The Lag(1) model provides the best predictive accuracy, but it’s also the least practical for operations planning. Forecasts based purely on the previous game may not give managers enough lead time to hire staff, order supplies, or adjust logistics.

In practice, firms often need to predict further ahead — a week or a month in advance — and must therefore rely on other variables (e.g., day of week, opponent, ticket sales, promotions, or weather) rather than just the immediate past.

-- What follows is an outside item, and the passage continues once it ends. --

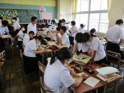 社会に学ぶ「14歳の挑戦」を終えた2年生は、そこで感じたことや学んだことを5・7・5・7・7の短歌にしました。
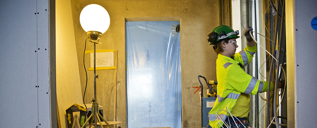 Stockholm. Vi följer elektrikern Elin Gustafsson Fagerlind under några timmar av hennes arbetsdag. Foto: Anna Simonsson

In this week’s workshop we will turn to building models that incorporate these richer predictors.

Summary and next steps

What did we do?

  • We framed attendance prediction as a workforce-planning problem, then built a progression of models.
  • We loaded and cleaned Red Sox home-game data (2005–2015), engineered dates/weekday/day-night flags, and explored the distribution under a capacity cap.
  • We estimated and evaluated univariate time-series prediction models (lag-1, trailing-3, cumulative mean) and compared these to a random baseline.

What did we find?

  • Among univariate models, lag-1 was the most accurate; the cumulative mean was stable but biased toward the long-run average.
  • All models beat random guessing by a wide margin.
  • Overall, modest structure that tracks stable seasonality beats heavy flexibility that chases noise.

How should we act on what we found?

  • Use the simplest model that meets accuracy needs for staffing and provisioning, and cap forecasts at stadium capacity.
  • For short-horizon operational calls (next game or homestand), a lag-1 is operationally reliable and easy to explain.
  • When planning further ahead, prefer models using forward-available variables (day/night, dotw, opponent groups) rather than immediate past attendance alone.
  • Always evaluate with time-based backtests and choose based on out-of-sample MAE/RMSE/MAPE, not in-sample R².

How can we improve the analysis?

  • Rely on other variables (e.g., day of week, opponent, ticket sales, promotions, or weather) rather than just the immediate past (i.e., lagged attendance) to form predictions.
  • Add richer, forward-looking features: ticket sales/price, promotions, holidays, weather forecasts, team form/injuries, and opponent strength measures; include interaction terms thoughtfully.
  • Use regularization (ridge/lasso/elastic net) to shrink noisy factors.
  • Explore tree-based models (pruned CART, random forests, gradient boosting).
  • Finally, quantify uncertainty with prediction intervals, and translate forecasts to staffing via explicit service targets to make decisions cost-aware.